Other difficulties may also arise in terms of fatigue of the assemblies. Indeed, any stiffness in a transition area is likely to induce a risk of fatigue, difficulty in sterilization because of the presence of areas that are difficult to access, and problems of mechanical strength at junctions of the conductors with the distal electrodes and with the proximal connector to the generator.
Moreover, the clinical trend in the field of implantable leads is to reduce their size to make them less invasive and easier to handle through the vessels.

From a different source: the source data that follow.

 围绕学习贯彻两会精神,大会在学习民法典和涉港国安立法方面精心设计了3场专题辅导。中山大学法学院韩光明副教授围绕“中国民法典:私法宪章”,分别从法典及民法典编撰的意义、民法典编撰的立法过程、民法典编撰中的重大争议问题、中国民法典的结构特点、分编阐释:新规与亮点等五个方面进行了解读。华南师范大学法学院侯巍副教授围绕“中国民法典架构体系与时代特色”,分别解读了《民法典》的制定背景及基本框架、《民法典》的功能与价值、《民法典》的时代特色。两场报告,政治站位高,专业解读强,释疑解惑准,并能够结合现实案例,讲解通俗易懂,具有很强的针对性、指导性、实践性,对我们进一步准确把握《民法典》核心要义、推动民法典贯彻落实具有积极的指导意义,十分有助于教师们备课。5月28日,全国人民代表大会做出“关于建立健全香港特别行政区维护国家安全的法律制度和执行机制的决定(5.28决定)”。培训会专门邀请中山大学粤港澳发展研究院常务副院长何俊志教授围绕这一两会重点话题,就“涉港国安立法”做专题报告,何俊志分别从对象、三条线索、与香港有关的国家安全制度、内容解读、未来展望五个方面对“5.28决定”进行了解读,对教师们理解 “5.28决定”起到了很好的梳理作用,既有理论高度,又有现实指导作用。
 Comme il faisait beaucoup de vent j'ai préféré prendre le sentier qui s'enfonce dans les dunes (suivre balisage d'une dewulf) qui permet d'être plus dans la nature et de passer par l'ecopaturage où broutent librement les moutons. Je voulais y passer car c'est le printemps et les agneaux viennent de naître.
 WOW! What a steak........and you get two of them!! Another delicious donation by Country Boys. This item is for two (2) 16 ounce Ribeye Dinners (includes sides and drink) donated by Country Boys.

The current size of implantable leads is typically on the order of 4 to 6 French (1.33 to 2 mm) in their active part, that is to say, the most distal end bearing the electrode(s)—even if the lead body, in the less distal end, uses conductors with a smaller diameter, for example, as described in U.S. Pat. No. 5,246,014 above, which, at the lead body, certainly includes a conductor the diameter of which does not exceed 1 French (0.33 mm), but the overall diameter of the distal end active part at the location of the screw anchor is several French. However, it is clear that reducing the size of the leads would increase their complexity and impose technical constraints generating risks.

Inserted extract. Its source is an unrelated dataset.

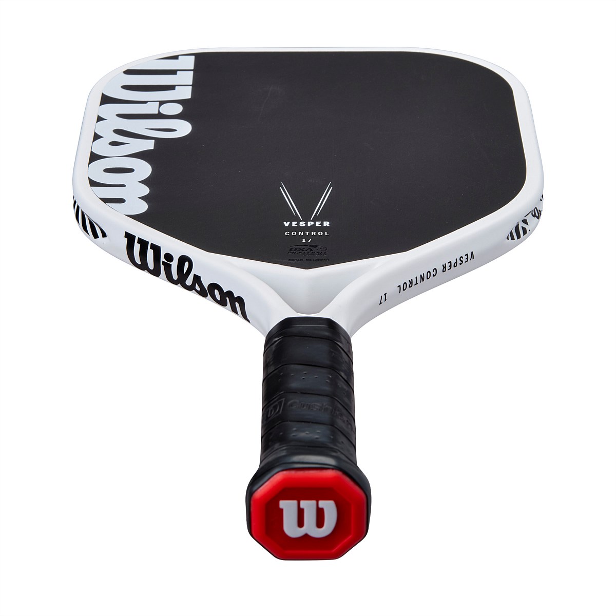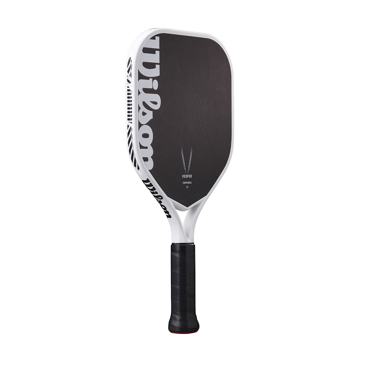 Wilson's Vesper Control 17 Pickleball Paddle elevates control and precision for competitive players. The first-of-its-kind bladder-molded frame and open-throat design optimize compaction while introducing bending into the mix, resulting in performance-enhancing power, speed and maneuverability. The wide shape gives maximum control by expanding the sweet spot, and a hybrid handle length is crafted for maneuverability and two-handed backhands. The raw carbon face with a high-density foam core maximizes the sweet spot and gives you plenty of spin.

On the other hand, such a reduction, to less than 2 French (0.66 mm), for example, would open up prospects for medical applications in various fields ranging from cardiology to neurology in the presence of a venous, arterial or lymphatic system such as the cerebral venous system or the coronary sinus venous system.
Today, the electrical stimulation technology has led to major advances in the field of neuromodulation and stimulating target areas of the brain to treat Parkinson's disease, epilepsy and other neurological diseases. One could imagine implementing this type of technology to address new areas difficult to reach today, by using small size stimulation leads, or “microleads”, having great strength to ensure long-term biostability. Such a technique would allow a less invasive approach to these therapies and an especially superior efficacy of treatments.
It would be possible to connect one or more microleads through the considered vessel network until the target location. Their implantation could be done, because of their small size, by today's guiding devices used in interventional neuro-radiology for the release of stents (spring coils) in the treatment of intracranial aneurysms.